Autoregressive decoding generates one token per forward pass through a large model, and each step's input depends on the previous step's output. This sequential dependency is the dominant latency bottleneck for large language model serving, because at small batch sizes the per-step computation is memory-bandwidth bound on modern accelerators rather than compute bound.[^1][^4] A single forward pass on an NVIDIA A100 uses only a tiny fraction of the device's available floating-point throughput, leaving room to trade extra arithmetic work for fewer total steps.[^2][^4] On commodity inference workloads, decoders idle for most of each step waiting on weights and the KV cache to be streamed from high-bandwidth memory into compute units, which is why nominally extreme arithmetic overheads (tens or even hundreds of times the FLOPs of vanilla decoding) translate into only modest wall-clock penalties at low batch sizes.[^2][^4]

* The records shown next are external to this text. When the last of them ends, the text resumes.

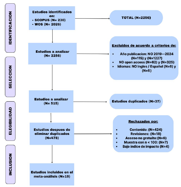 Esta investigación se presenta siguiendo el estándar Prisma (Page et al., 2021; figura 1). Primeramente, en la fase de identificación, se realizó una búsqueda específica sobre los riesgos del abuso de tecnologías asociados a la población adolescente en los buscadores Scopus y Web of Science. Se emplearon las palabras clave «risks» (riesgos), «teenagers» (adolescentes) y «technologies» (tecnologías) en ambas plataformas, con el objetivo de encontrar artículos y estudios que abordaran los riesgos y consecuencias del uso de tecnologías en jóvenes. La muestra inicial se compuso de un total de 2256 estudios, de los cuales 230 fueron encontrados en Scopus y 2026 en Web of Science. Posteriormente, en la etapa de selección de los artículos se llevó a cabo un proceso de filtrado atendiendo a los siguientes criterios específicos: se seleccionaron solo aquellos publicados entre 2019 y 2024, excluyendo los que no cumplían con estas fechas (115 de Scopus y 1227 de Web of Science).
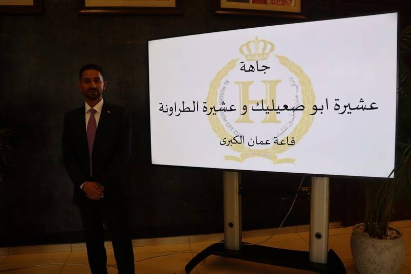 وطلب باسم الجاهة معالي يوسف العيسوي "رئيس الديوان الملكي الهاشمي"، ورد عليه بالإيجاب والقبول دولة رئيس الوزراء الأسبق الدكتور عبدالرؤوف الروابدة.
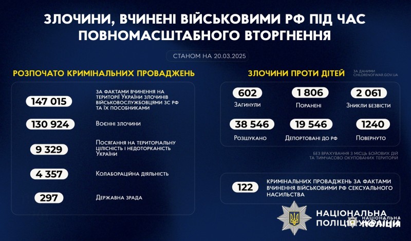 З початку повномасштабного вторгнення росії в Україну слідчі Національної поліції України розпочали 147 015 кримінальних проваджень за фактами вчинення на території України злочинів військовослужбовцями збройних сил російської федерації та їхніми пособниками.
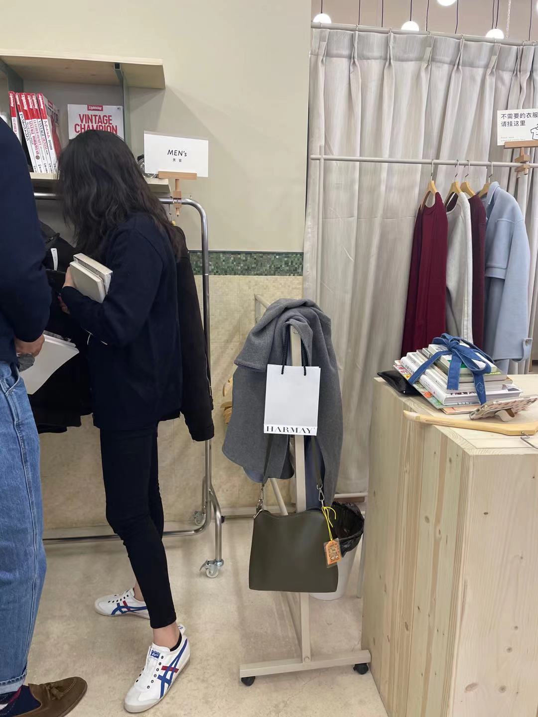 买完书来到三楼的服装区逛了下,一排排衣服都摆放得比较整齐,品牌也比较多,有常见的ZARA/Uniqlo/UR,也有一些设计师品牌,价格也都比较亲民。大家都知道每年地球上有大量的衣服被浪费,能够循环起来,重新发挥价值,还是一件很美好的事。
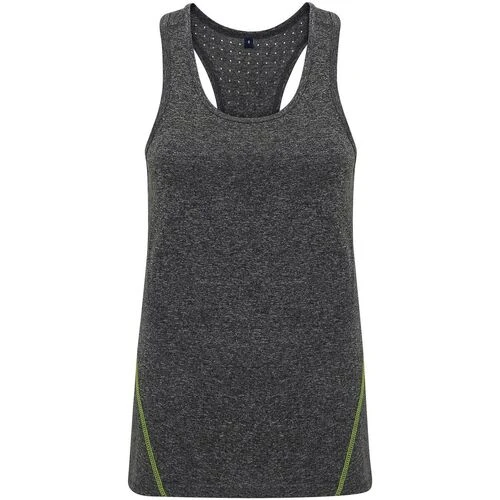 TriDri Dames/dames Lasergesneden Mouwloos Vest. Stretch vest. Tweelingnaaldsteek op de zoom. Dubbele dwarsband. Strategisch lasersnijden om het ademend vermogen te verbeteren. Zacht aanvoelende lycra. Materiaal: 90% polyester, 10% elastaan. Ref: UTRW6279
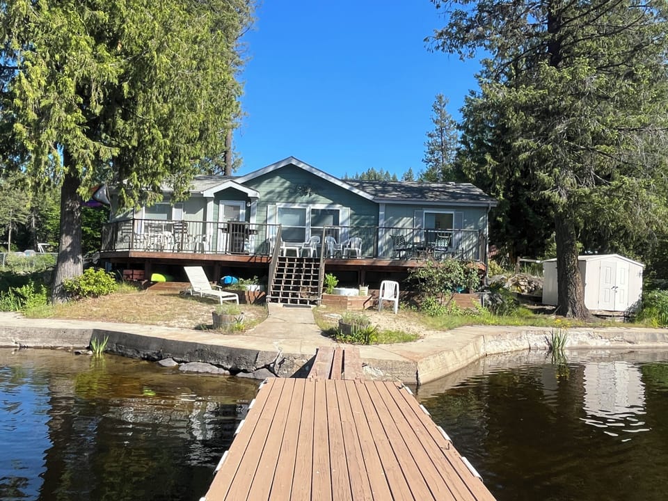 We are ideally located on Lake Sacheen in a no wake zone with a sandy beach front and a private dock. Relax in the shade and read a book and get ready for a lovely kayak down the narrows to the head of the Little Spokane River.
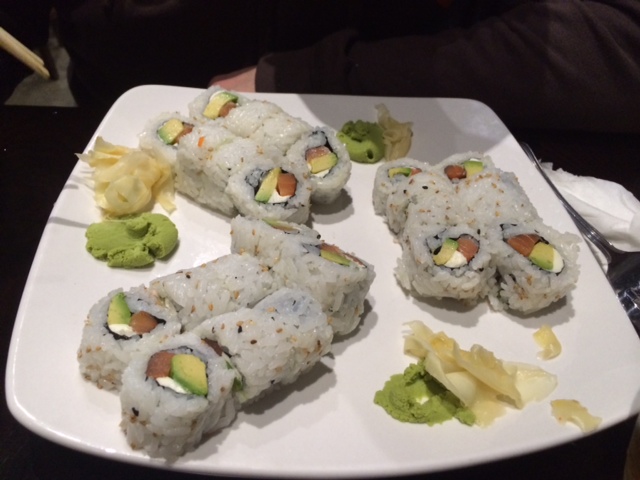 Shane: three Philadelphia rolls (which, for future reference, can also be referenced by the technical terminology of “a buttload of Philly rolls” – as the hostess called the order when she helped deliver the meals to our table. Noted.)
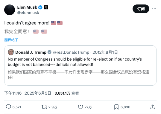 马斯克又挖出一条特朗普在2012年7月的旧帖,似乎是借此讽刺那项遭经济学家和国会预算办公室批评可能加剧赤字的新共和党税改法案。

Several lines of research had tried to exploit this surplus arithmetic before lookahead decoding's release. Speculative decoding, described by Leviathan, Kalman, and Matias at Google and independently by Chen and colleagues at DeepMind in 2023, runs a small draft model to propose candidate continuations that the target model verifies in parallel.[^2][^4] Medusa, from researchers at Together AI and others, attaches multiple lightweight prediction heads to the target model to forecast several future tokens at once.[^5] Both approaches eliminate some sequential steps, but they introduce engineering burdens: speculative decoding requires a well-aligned draft model that is hard to obtain for new architectures, and Medusa requires training new heads on top of the base model.[^2] EAGLE, which appeared in early 2024, refined the speculative-decoding family by performing draft prediction at the feature level rather than the token level, again at the cost of training a new lightweight component.[^13]

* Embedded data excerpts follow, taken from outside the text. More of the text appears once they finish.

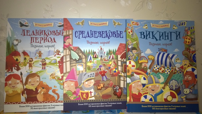 Книги с наклейками из серии История в наклейках от Хоббитеки. Взяла на вырост, очень уж понравилось качество и содержание. Хочется всю серию собрать...
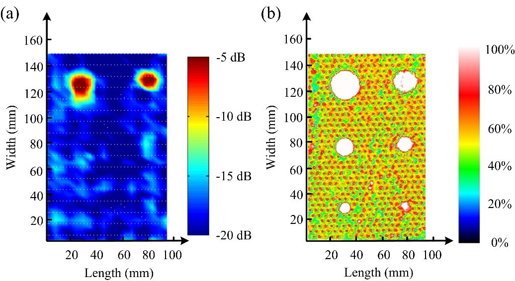 中国科学院噪声与振动重点实验室的刘斌等人研究发现,CFRP-Nomex复合蜂窝结构在12 kHz处存在零群速度特征,经过一定距离传播后,零群速度对应频率的声波能量明显低于其他频率能量。研究人员仿真并实测了CFRP-Nomex复合蜂窝结构完好区的弯曲波透射谱,证实了在12 kHz下该特征的存在,而在脱粘区,此特征消失。通过自主搭建的检测装置,研究人员利用此特征对复合蜂窝结构试样进行了扫查成像,实验结果表明,本方法可检测到试件中直径20 mm的脱粘缺陷,并对其进行定位。
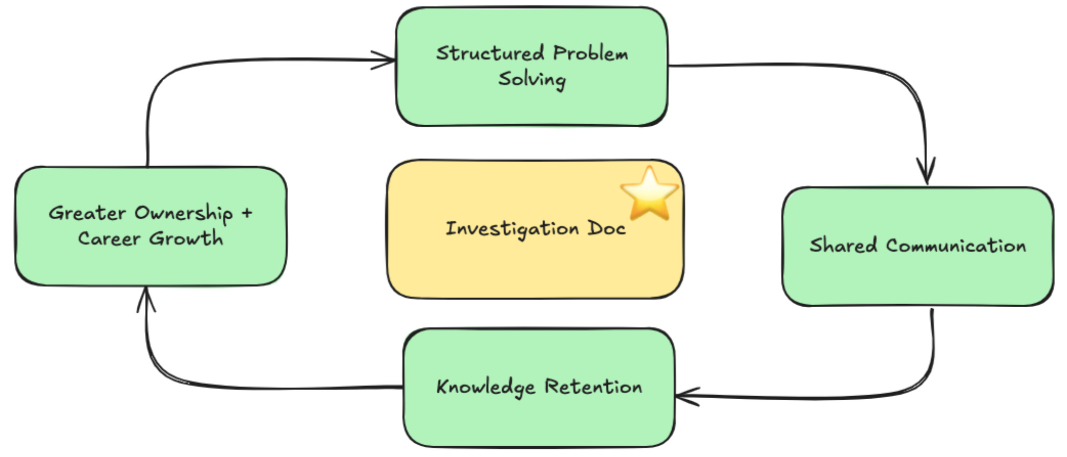 Learning Tool: Investigation docs serve as excellent learning resources for the team, helping prevent similar issues in the future and speeding up resolution times.
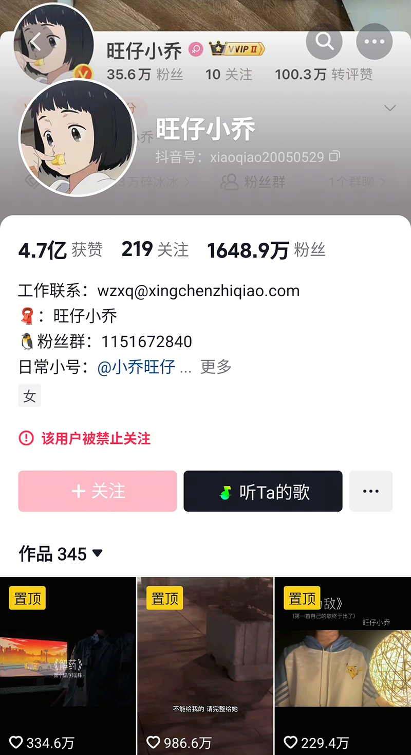 最近一段时间,网红旺仔小乔几乎已经彻底消失于公众视野中。从两千三四百万粉丝,“咔咔”一顿掉粉近七百万,正处于“被禁止关注”状态,看来要翻身实在很困难。

A second strand of work, parallel decoding via Jacobi iteration, was introduced by Santilli and colleagues in 2023 for machine translation.[^6] That technique reformulates greedy decoding as the solution to a fixed-point system: starting from a random sequence of guesses, the model is repeatedly applied in parallel, and tokens at converged positions are accepted. In principle this can finish in fewer steps than the sequence length. In practice, however, vanilla Jacobi decoding shows only marginal benefit on large language models, often averaging only about 1.05x speedup, because Transformer attention rarely produces the correct token when its left context is itself incorrect.[^4] Lookahead decoding's contribution is to make Jacobi iteration practical for LLMs by harvesting the partial n-grams produced along the way and verifying them in the same step.[^1][^2]

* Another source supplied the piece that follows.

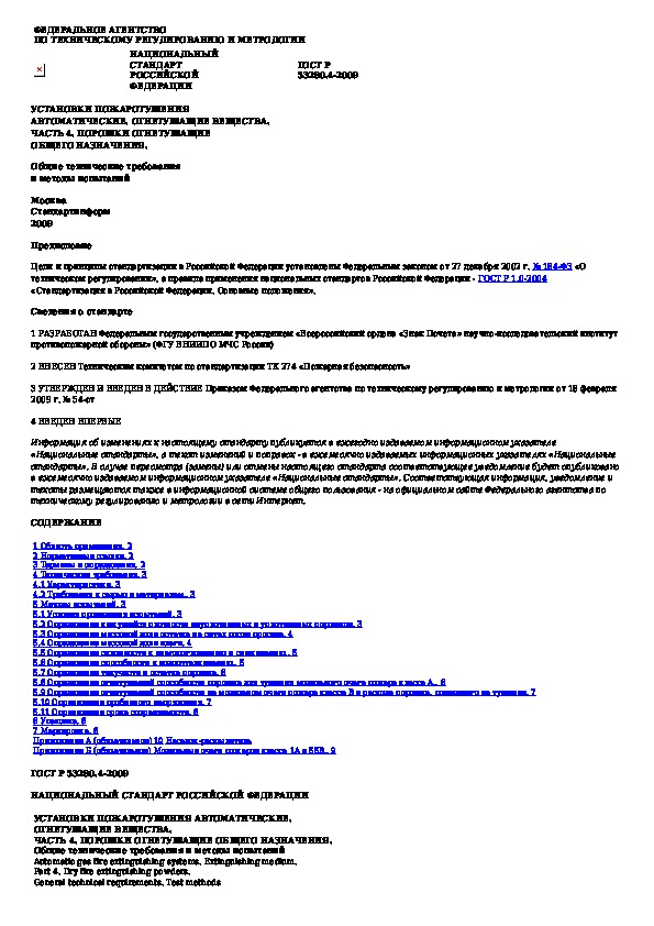 Наша цель состоит в том, чтобы предоставить вам быстрый доступ к содержанию документа Установки пожаротушения автоматические. Огнетушащие вещества. Часть 4. Порошки огнетушащие общего назначения. Общие технические т.

The technique was first announced publicly in the LMSYS blog post "Break the Sequential Dependency of LLM Inference Using Lookahead Decoding" on November 21, 2023.[^2] The post arrived during a period in which LMSYS (the umbrella under which the Vicuna language model and the MT-Bench evaluation set were released) was publishing a steady cadence of inference-systems contributions, and the blog format made the work immediately accessible to practitioners. A full paper, arXiv:2402.02057, appeared on February 3, 2024, and was accepted as a poster at the 41st International Conference on Machine Learning (ICML 2024), where it was published as pages 14060 to 14079 of Proceedings of Machine Learning Research, volume 235.[^1][^7][^8]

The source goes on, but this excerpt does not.